Though size is relevant, the hemodynamic consequences of pericardial effusions are also related to the rate of fluid accumulation. For example, in Patient 3, only 250 mL (moderate effusion by amount but large effusion by echocardiography) caused NYHA grade III dyspnea and orthopnea. Rapidly increasing pericardial fluid quickly exceeds the limit of parietal pericardial stretch, causing a steep rise in pressure, which becomes even steeper as smaller increments in fluid cause a disproportionate increase in the pericardial pressure [12]. The bloody pericardial effusion was suspected to increase pericardial pressure rapidly in this patient.
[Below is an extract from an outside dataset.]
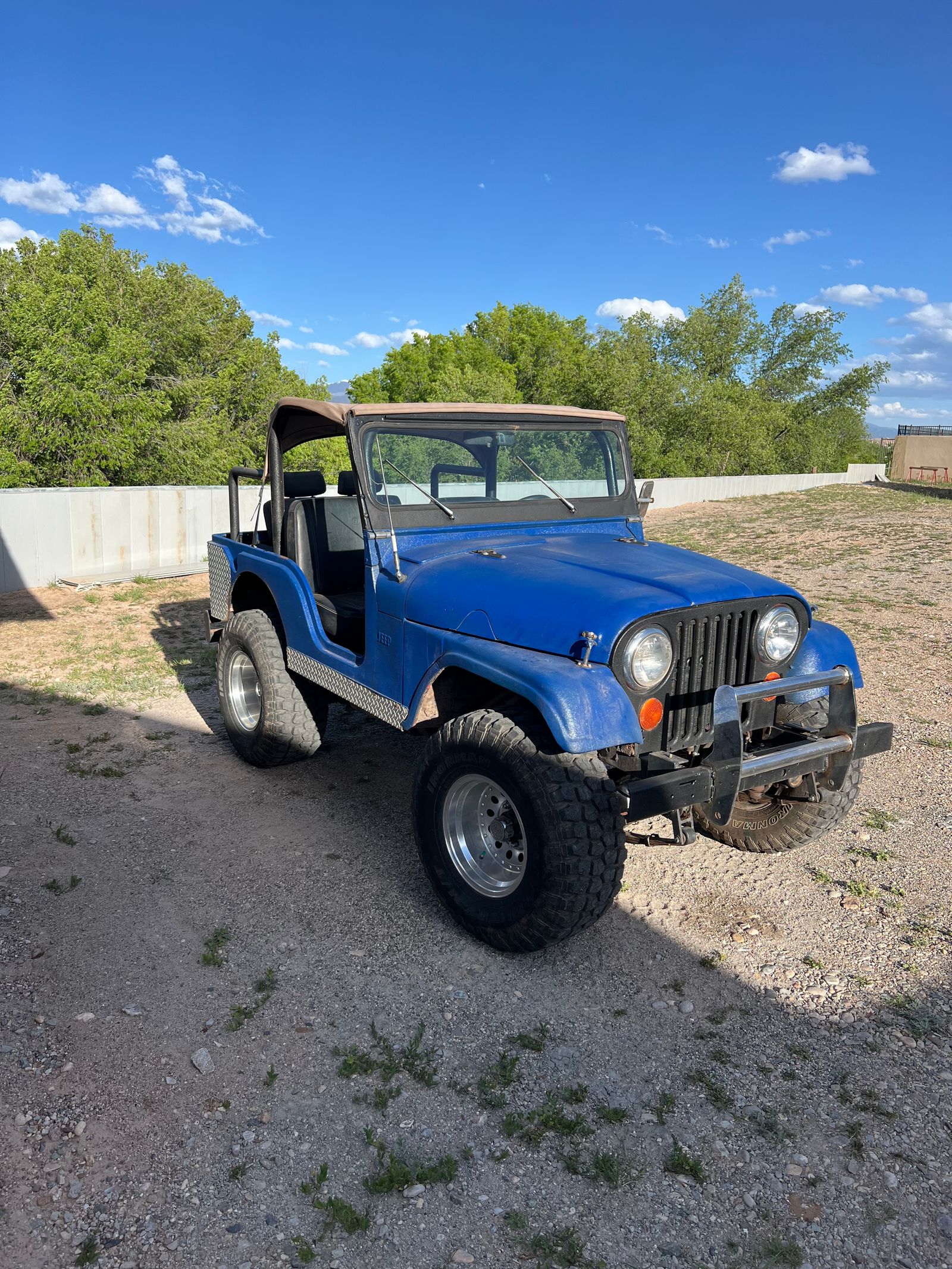Chevy 350 v8, automatic turbo 350 transmission, headers and dual exhaust, rhino lined in/out, 33” tires, power steering, power brakes, relocated gas tank.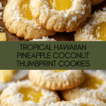 Delight in these Easy Hawaiian Pineapple Coconut Thumbprint Cookies, featuring a buttery soft cookie base with a sweet pineapple jam center and a crunchy toasted coconut topping. Perfectly balanced and simple to make, these cookies bring a tropical twist to your baking repertoire.

In this study, when the pericardial space width was less than 10 mm at the right ventricular anterior surface, the subxiphoid approach was safe, and the procedure time was short (about 7 minutes). With the subxiphoid approach, the acceptable sonic window ensures that the puncture needle tip is accurately positioned within the pericardial space, enabling a fast and safe procedure. Many reports and guidelines describe an effusion thickness of at least 10 mm as an indication of percutaneous PCD [2,7,9,10]; therefore, this study’s claim that PCD is possible even with effusions narrower than 10 mm requires further investigation with larger-scale studies. It is up to the attending physician whether to wait while doing intensive dialysis or to try pericardiocentesis in patients with symptomatic uremic pericardial effusions with narrow safety margins.

This study had several limitations. First, this study evaluated a small number of patients retrospectively. Second, percutaneous PCD was performed on uremic patients only. To definitively evaluate the effectiveness and safety of PCD for patients with symptomatic pericardial effusions and narrow safety margins, more research will be needed.

In conclusion, percutaneous PCD may be safely performed for patients with symptomatic uremic pericardial effusions and narrow safety margins of less than 10 mm.